This week the MK Meditation Association practiced some Metta Bhavana and continued with r Life with Full Attention Course. Here are the notes from the meeting:
Life With Full Attention – Week 2 – The Body
Body Awareness
What would the Buddha make of us today?
– “a Dragons Head on a Snakes Body”. An overdeveloped head on an underdeveloped body
– we are wonderfully intellectual, lots of knowledge and ideas, but perhaps too one sided
– a tendency to rationalise and theorise
Alienation – Many of us feel alienated:
– from our body – through “brain work” and lack of physical activity
– from nature – we are nature, yet we live in a man-made environment & one that is becoming increasingly technological
– through abstraction – literacy is a wonderful thing but may distance us from our experience – favouring thought over sensation
Awareness of the body has many benefits:
- making us calmer and more effective
- more graceful – gives a feeling of vitality and being alive
- a cure for stress and a key to insight
Seeing Life Whole
- our view of the body is often mundane
- it is a machine, a “thing” that doesn’t figure much in our lives unless it hurts or needs feeding
- it is owned by us – the mind, the personality, the “Captain of the Ship”
- the body is the only thing that we know directly, from the inside
- everything else we experience is indirect – from the outside – mediated through the senses
- our experience of body is a unique one. How strange! How mysterious
Cultivating Sensitivity to the Body
- Our sense of what is going on in the body is often vague
- It is likely that we hold tensions within the body without being aware of it – in the shoulders, stomach, throat…unconscious habits.

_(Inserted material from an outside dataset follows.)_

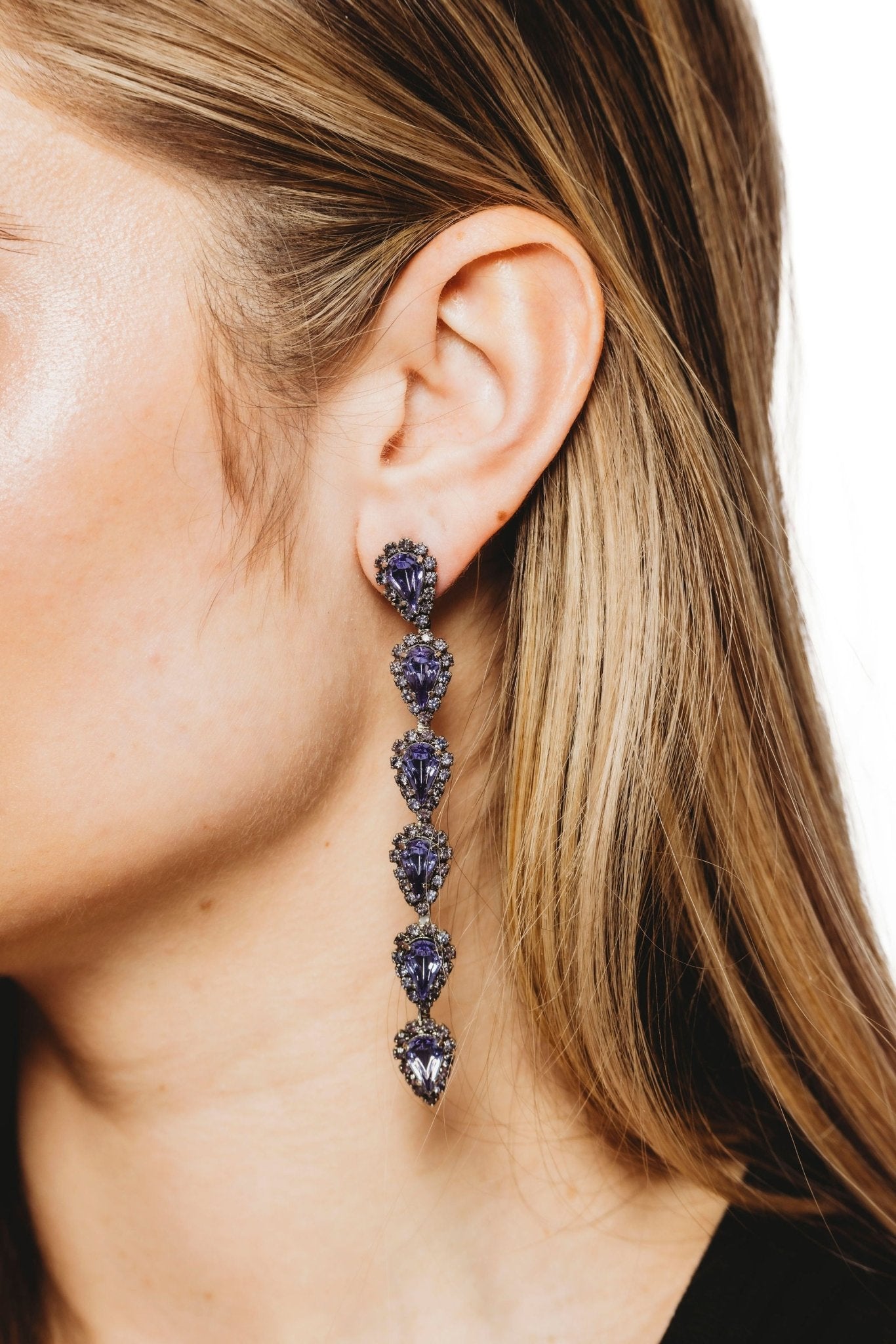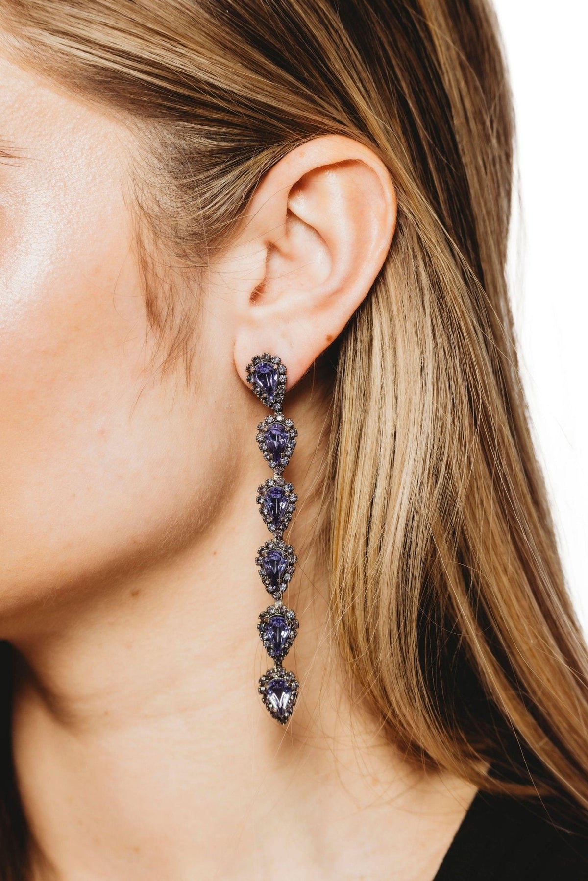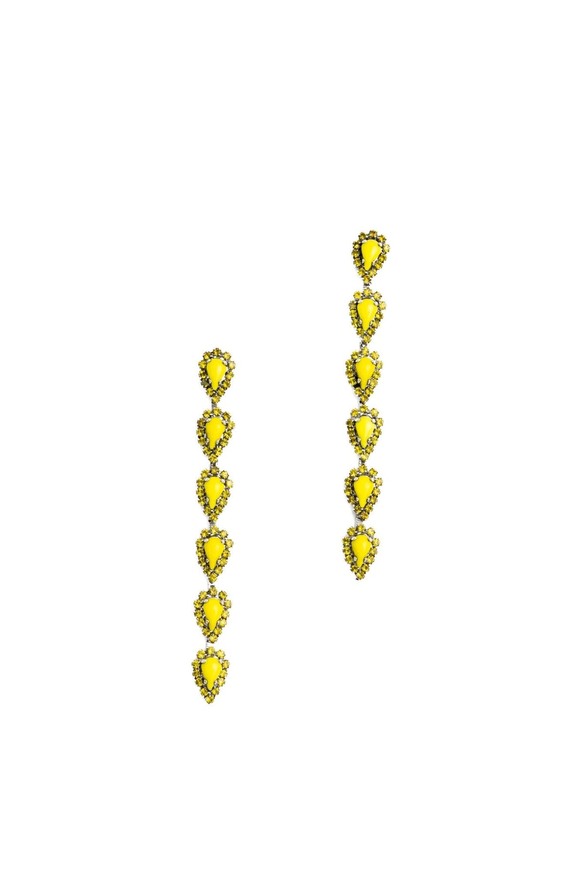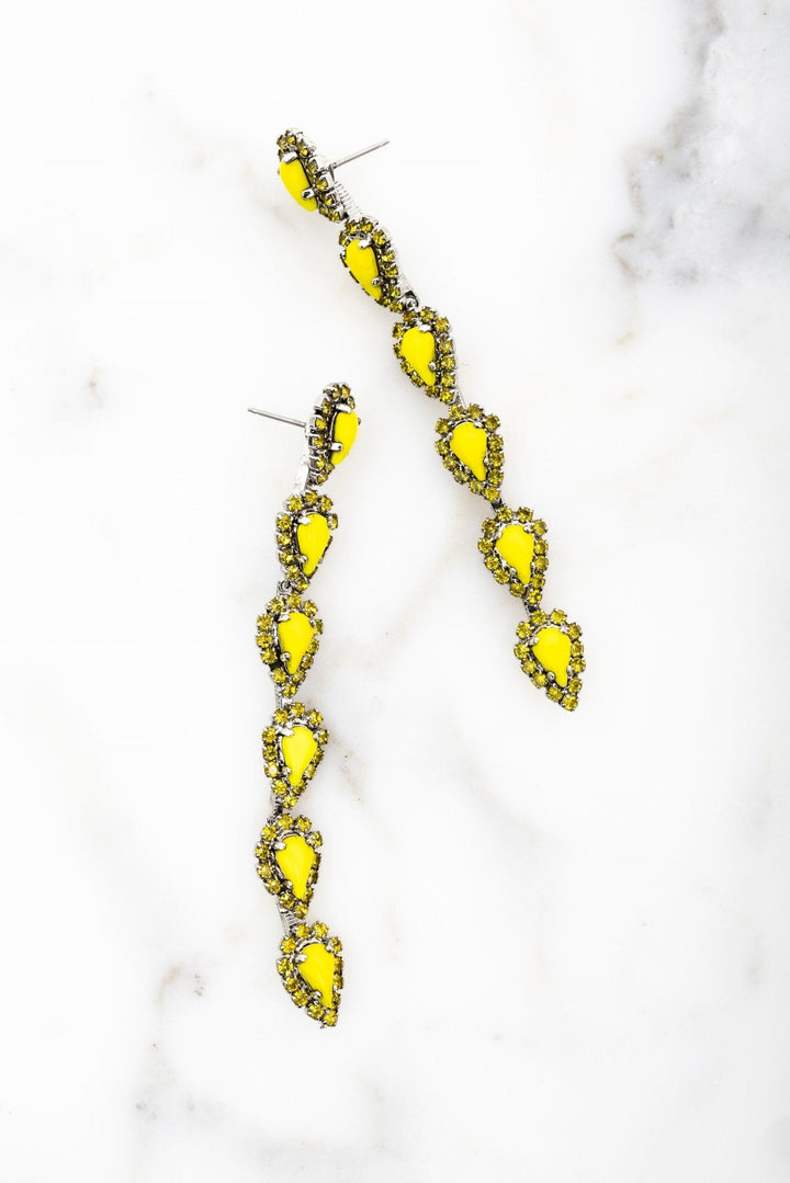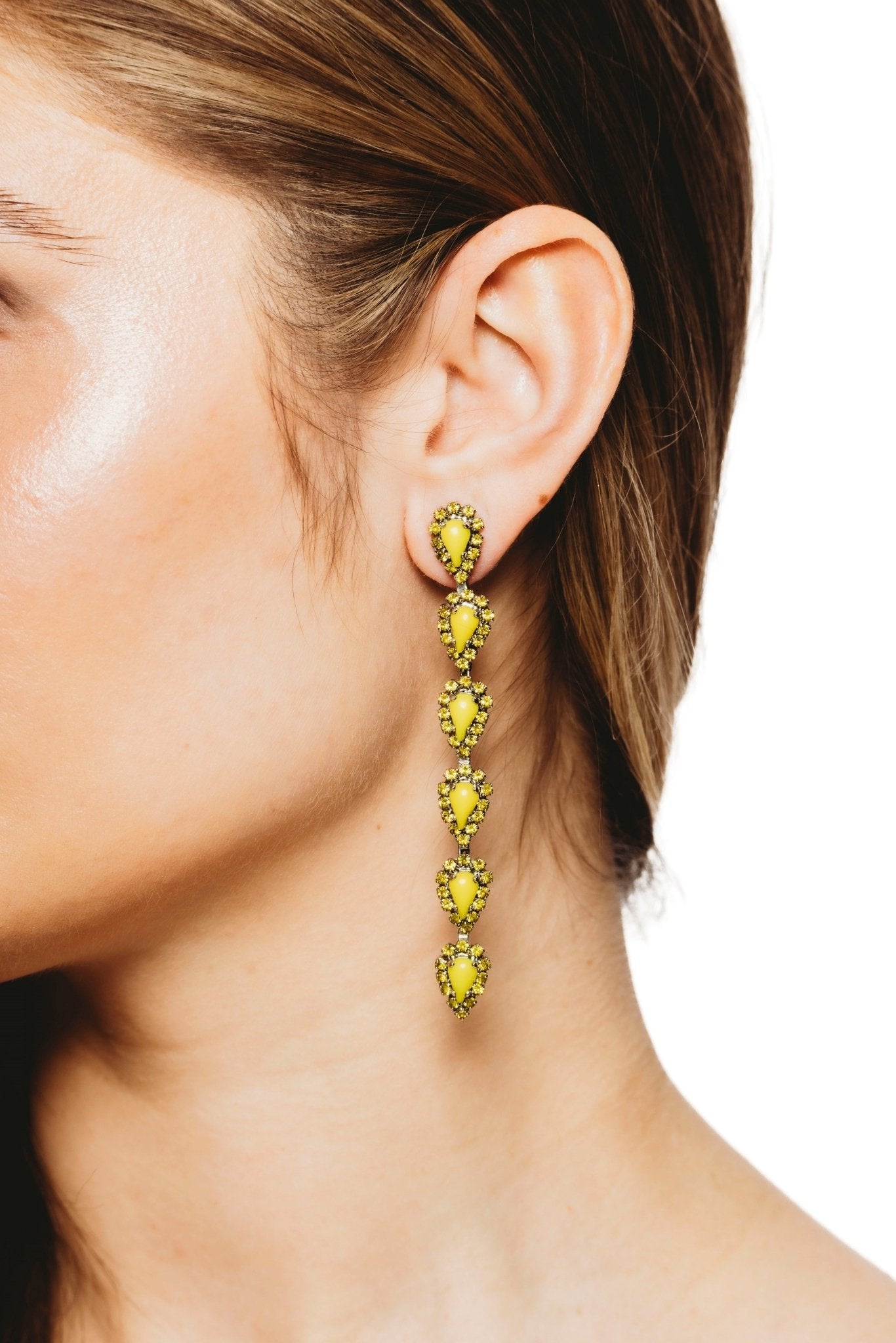 These Catríona Earrings by Elizabeth Cole – Playful and whimsical, these long linear earrings feature glittering petite pears surrounded by crystal details. Available in a variety of colors, they add a touch of sparkle to any outfit.

- Letting go of this is as much to do with the mind as the body
Stress First Aid Kit
1/ Notice when something is causing you stress – noticing is the start of changing it
2/Catch it Early – stress can build quickly
3/ Do Something – come into the body/get grounded or stop something e.g. rushing
4/ Extend Your Out Breath – through the lips like blowing through s straw (5/6 times)

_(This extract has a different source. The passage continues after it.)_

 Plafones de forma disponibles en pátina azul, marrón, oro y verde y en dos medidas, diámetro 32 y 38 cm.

- emotions affect the body the body affects emotions – a two way process
- physical mindfulness is a journey into depth – the experience becomes more subtle & rich – more integrated
- this reduces inner conflict and releases energy & a sense of well-being.
The Body has a Wisdom of its Own
Thoughts, emotions and the body become more connected.
Our body begins to give us direct information about our situation and what we need – not just thoughts.
Second Practice Week
The Health Audit – The Nutrition & Ethics of how we treat our body
In your journal keep a 1-10 scoring system using your own categories e.g.
5 veg a day, 2.5 litres of water, 8 hours sleep, cigarettes, alcohol, exercise sessions.
It’s easy not to notice when good intention go astray.
Use your journal to observe what is really happening.
The Mindful Walk – an island of mindfulness. Try to do this everyday this week.
Think of a walk (5-20 mins.) preferably one you already do. Using your journal:
– describe the walk – perhaps draw a picture
– describe obstacles that might prevent you being aware of your body e.g. people wanting to talk to you.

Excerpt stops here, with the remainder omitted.